■ **Source data**:
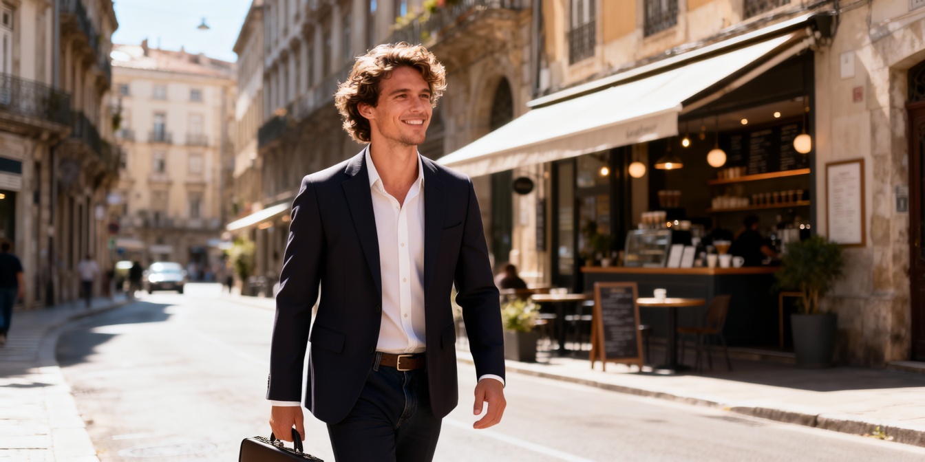 Shirt & Backpack: His current gray shirt and backpack seamlessly transition into a tailored, dark navy suit jacket and a crisp white dress shirt. The backpack should dematerialize or be replaced by a sleek, minimalist leather briefcase held in his left hand (viewers' right).
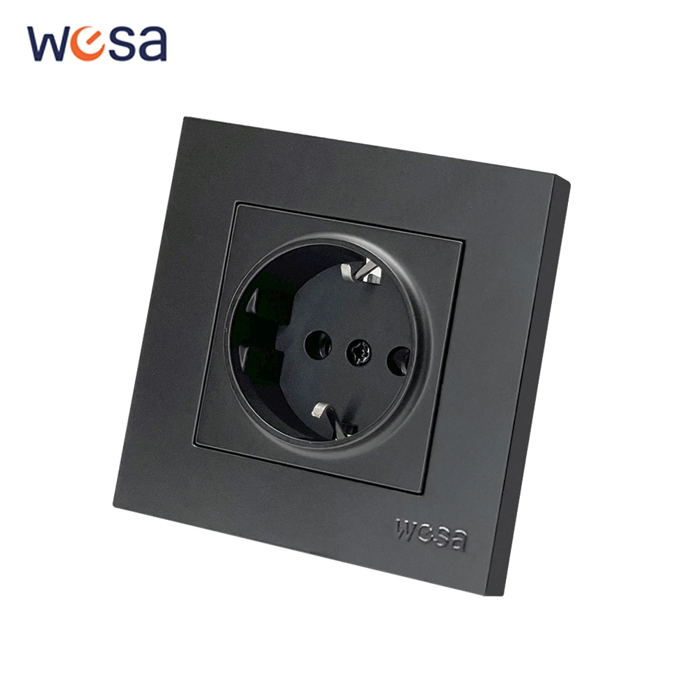 Black Electrical Outlets Flame Retardant With Ground Classic AC EU Standard Wall Embedded 250V Plugs...
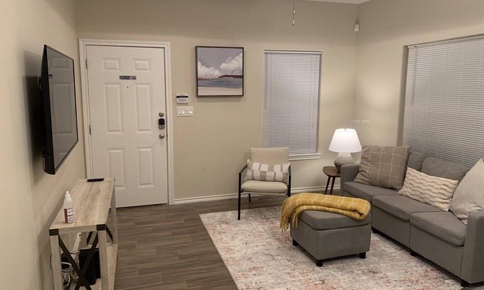 Welcome to this charming townhome as your home away from home in between area attractions! Conveniently located near UTRGV, Museum of South Texas History, Bert Ogden Arena, shops, restaurants, and multiple healthcare facilities. Guests will experience the ultimate in hospitality in this cozy 2 bedroom 2 bathroom space with open concept family room. The outdoor terrace is great to unwind. Save lots of money by making your own meals utilizing our fully-stocked kitchen with full size appliances. Home has plenty of cabinet space with pantry and in unit laundry room with additional amenities such as full-size washer/ dryer, ironing board, etc. This space is perfect for families, couples, corporate travelers, or lone wanderers for short or long-term stays. All you need to do is unpack your suitcase, kick back and enjoy!
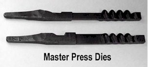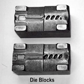 Background As the reader may be aware, conventional spring swages were used in Germany to make early web & wire corkscrew helixes but drop hammer cold forging techniques were also employed. A splendid gift from Klaus Pumpenmeier has resulted in this article - in fact this was also Ron's "Best Six" submission for the year 2002. A mid 20th century German drop hammer forging die set/Gesenk from the family firm, August Hoppe & Söhne in Merschied, Solingen. This small factory, which manufactured only corkscrew helixes, was located down a laneway behind their home. Each die component (7 in total) is the exact shape for each function required to forge a specific pitch wire helix (7.3cm12 15/16" long). This tool set (total weight 3305 gm / 7lb 7oz) was used to manufacture a wire helix for pocket knives and comprises: ![]() 2. Two hardened master press dies (made from old files) also

■ **What you have to do**: Take the material above from its first line through the line holding "Black Electrical Outlets" and set it down exactly, without the pictures.

■ **Output below**:
 Shirt & Backpack: His current gray shirt and backpack seamlessly transition into a tailored, dark navy suit jacket and a crisp white dress shirt. The backpack should dematerialize or be replaced by a sleek, minimalist leather briefcase held in his left hand (viewers' right).
 Black Electrical Outlets Flame Retardant With Ground Classic AC EU Standard Wall Embedded 250V Plugs...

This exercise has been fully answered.